Becker, H. v. M.S. Reilly, Inc.

123 A.3d 776, 2015 Pa. Super. 171, 2015 Pa. Super. LEXIS 460, 2015 WL 4760627
CourtSuperior Court of Pennsylvania
DecidedAugust 13, 2015
Docket712 EDA 2014
StatusPublished
Cited by15 cases

This text of 123 A.3d 776 (Becker, H. v. M.S. Reilly, Inc.) is published on Counsel Stack Legal Research, covering Superior Court of Pennsylvania primary law. Counsel Stack provides free access to over 12 million legal documents including statutes, case law, regulations, and constitutions.

Bluebook
Becker, H. v. M.S. Reilly, Inc., 123 A.3d 776, 2015 Pa. Super. 171, 2015 Pa. Super. LEXIS 460, 2015 WL 4760627 (Pa. Ct.
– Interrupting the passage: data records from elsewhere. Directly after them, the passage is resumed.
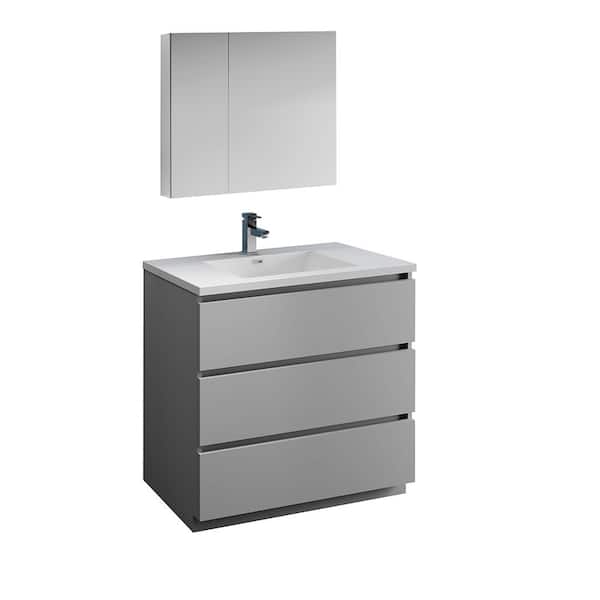 Lazzaro 36 in. Modern Bathroom Vanity in Gray with Vanity Top in White with White Basin and Medicine Cabinet
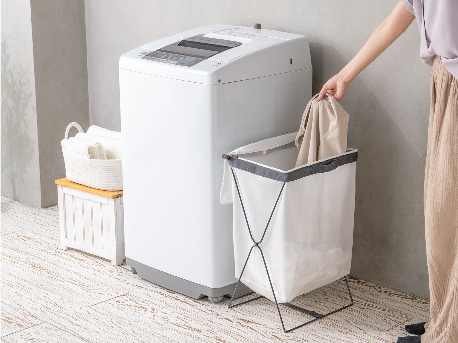 ~ スタンドに洗濯ネットを組み合わせた大容量45Lの洗濯カゴ ~
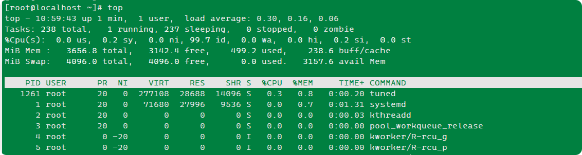 例如,从上述“tasks:….”部分信息可得知当前共有238个进程,其中正在运行的1个,休眠状态的237个,停止和僵死状态的0个。

App. 2015).

Opinion

OPINION BY

STABILE, J.:

Appellant, Heywood Becker, appeals from the February 7, 2014 judgment in favor of Appellee, M.S. Reilly, Inc. 1 We affirm.

*778 Appellant commenced this negligence action on April 6, 2011. Appellant alleged that a faulty drainage swale on Appellee’s property caused water damage to Appellant’s property. After a series of preliminary objections and amended complaints, Appellee filed an answer and new matter to Appellants’ third amended complaint on January 26, 2012. Appellee filed a motion for judgment on the pleadings on November 14, 2012, which the trial court denied on January 24, 2013., The trial court listed the matter for trial on Monday, December 16, 2013.

On Thursday, December 12, 2013, four days before trial was scheduled to commence, Appellant filed a praecipe to discontinue the case pursuant to Pa.R.C.P. No. 229. On the same day, Appellee filed a motion to strike off the discontinuance and informed Appellant that it would present the motion on December 16, 2003. Appellant did not appear for trial on December 16. In Appellant’s absence, the trial court granted Appellee’s motion to strike off the discontinuance and proceeded with trial on the merits. At the conclusion of the trial, at which Appellee presented expert testimony and other evidence, the trial court found in favor of the Appellee.

Appellant filed a timely post-trial motion on December 24, 2013 requesting reconsideration of the order striking off his discontinuance. The trial court held argument on January 8, 2014 and denied Appellant’s recusal motion at the hearing. N.T. Hearing, 1/8/14, at 15. On January 31, 2014, the trial court denied Appellant’s remaining post-trial motions. Specifically, the court denied reconsideration of its order striking off Appellant’s discontinuance. Appellant filed a notice of appeal on February 28, 2014.

On appeal, Appellant challenges the trial court’s denial of his recusal motion and the order striking off his discontinuance. We will address these issues in turn. We review the trial court’s denial of the recusal motion for abuse of discretion. Goodheart v. Casey, 523 Pa. 188, 565 A.2d 757, 763 (1989). The trial court must conduct a two tiered analysis:

First, whether the Justice would have a personal bias or interest which would preclude an impartial review. This is a personal and unreviewable decision that only the jurist can make. Second, whether his participation in the matter would give the appearance of impropriety. [T]o perform its high function in the best way, justice must satisfy the appearance of justice.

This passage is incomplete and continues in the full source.